Military leaders want to restation both of the Army’s two Germany-based divisions — the 1st Infantry Division and 1st Armored Division, as well as several smaller units — back to the United States as part of a worldwide redistribution of overseas forces.

Plans call for the first of those units to begin moving stateside next summer.

The disagreement concerns whether troops based in Europe should return there from Iraq before coming to the United States, or return directly to the United States.

Briefing Pentagon reporters Monday, Acting Undersecretary of the Army Ray Dubois, who favors the latter approach, said “you don’t necessarily want a brigade currently deployed to Iraq to have to go back to Germany and then pick up six months later.

“What we’d like to time is, the brigade is in Iraq, families are in Germany; the families begin to move back to the base where their brigade is then going to come back to, rather than have that double move. And that’s a quality-of-life issue that we’re focused on.”

However, that contradicts promises made by Gen. B.B. Bell, the Army’s top commander in Europe. In fact, Bell says, the only way to protect quality of life is to ensure troops rejoin their families in Europe first.

Citing the difficulties of spouses being forced to move by themselves while their soldiers are deployed to combat zone, Bell has repeatedly pledged that units will return to Germany first before troops relocate back to the continental United States, or CONUS, in military shorthand.

“Some believe that units in Afghanistan or Iraq will redeploy to CONUS directly from operations. That will not happen,” Bell wrote in an August 2004, Europewide memo to his troops.
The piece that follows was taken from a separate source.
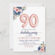 Marinho Floral Blue Blush Pink Balloon 90 de Aniversário Convite de Aniversário O design apresenta marinho de aquarela azul e flores cor-de-rosa pinceladas com sotaque rosa de balão dourado. Se você quiser mudar os balões numerados, sinta-se à vontade para me enviar um e-mail em panggadesigns@gmail.com

“If a deployed unit is designated for return to CONUS, it will fully redeploy, reintegrate and reconstitute at its European home base first. No family will be left to move themselves back to CONUS.”

Asked to clarify the disconnect, Army spokesman Paul Boyce said he could not do so.

Another Army spokesman, who asked not to be identified, said there was no disconnect.

“The goal is to take the families and maneuver them stateside, and then the soldiers will rejoin them back in the states as they redeploy from downrange,” said the official. “I think it’s still within Gen. Bell’s intent. (The families are) not with them anyway because (the soldiers) are deployed. It’s more of a benefit for the families.”

Spouses will have to pull children out of school, de-register and ship vehicles, manage pack-ups and clear housing, pay all final bills and repeat the process in reverse at the new duty station by themselves.

Asked to comment on that scenario, the spokesman said “I think that’s just part of being an adult.”

Bell, however, is not budging.

In an interview, the veteran field commander said he was aware of the Pentagon’s thinking, but that his position — that it’s highly preferable for Iraq-deployed soldiers to return first to Germany — had not changed.

“I’ve looked at this in detail in the past. I think it’s very important to reintegrate the families at their school and house location. We need to bring them there first,” Bell said.

Bell said that many spouses of soldiers downrange lacked even the necessary legal documents to move back to the United States on their own. Additionally, he said, it makes sense for units to “reintegrate and reconstitute” — which takes about 90 days — from the place they left and that families and units move together. “That is the process by which we had planned future redeployments.

“I look forward to having the opportunity to discuss this with the leadership in Washington,” said Bell. “I’m fully confident that leadership in Washington will take it aboard and make the right decision.”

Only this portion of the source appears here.